Supplied material
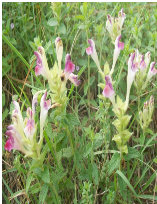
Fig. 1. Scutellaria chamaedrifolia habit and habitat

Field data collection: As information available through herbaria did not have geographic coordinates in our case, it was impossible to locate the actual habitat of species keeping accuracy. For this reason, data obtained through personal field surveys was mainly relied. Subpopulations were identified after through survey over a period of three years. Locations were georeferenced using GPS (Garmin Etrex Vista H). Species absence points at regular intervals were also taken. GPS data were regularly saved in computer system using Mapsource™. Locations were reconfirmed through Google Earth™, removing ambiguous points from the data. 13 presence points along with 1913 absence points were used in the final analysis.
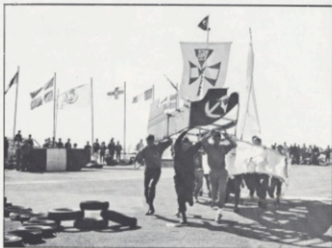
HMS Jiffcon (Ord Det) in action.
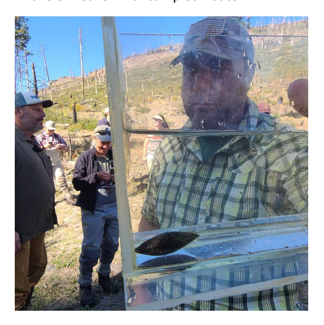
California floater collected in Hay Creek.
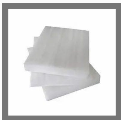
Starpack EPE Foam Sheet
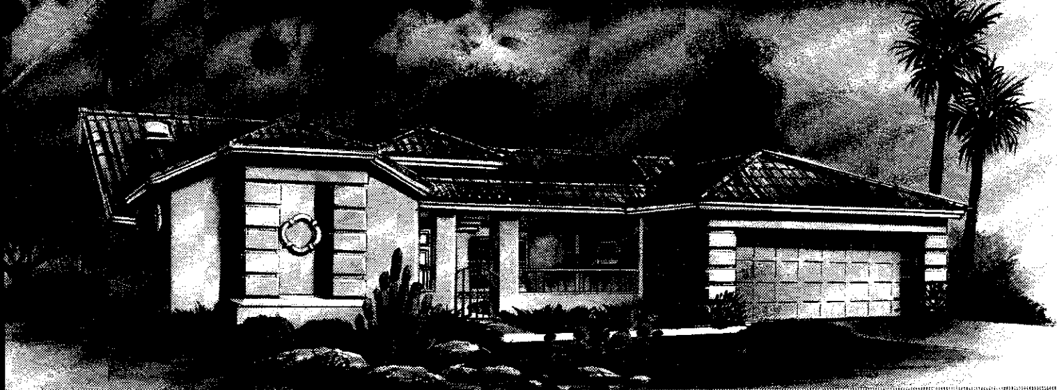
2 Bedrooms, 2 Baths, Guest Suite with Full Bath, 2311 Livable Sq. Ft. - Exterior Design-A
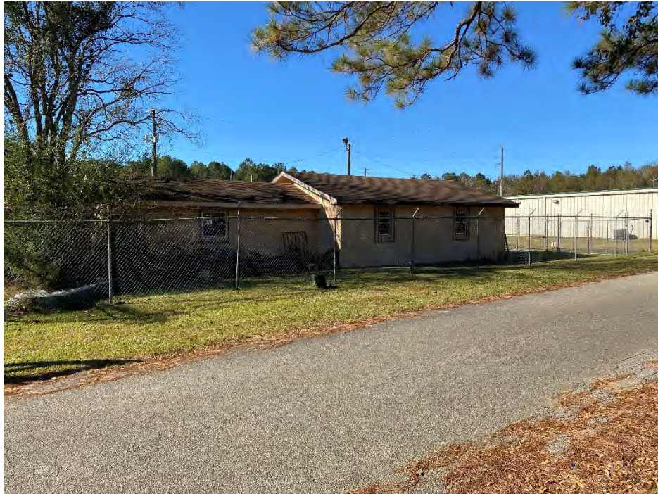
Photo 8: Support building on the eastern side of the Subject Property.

Work order
Only the lines from the one that holds "Starpack EPE Foam Sheet" through the final line of the material should be reproduced, word for word, with the pictures omitted.

Exercise result
Starpack EPE Foam Sheet
2 Bedrooms, 2 Baths, Guest Suite with Full Bath, 2311 Livable Sq. Ft. - Exterior Design-A
Photo 8: Support building on the eastern side of the Subject Property.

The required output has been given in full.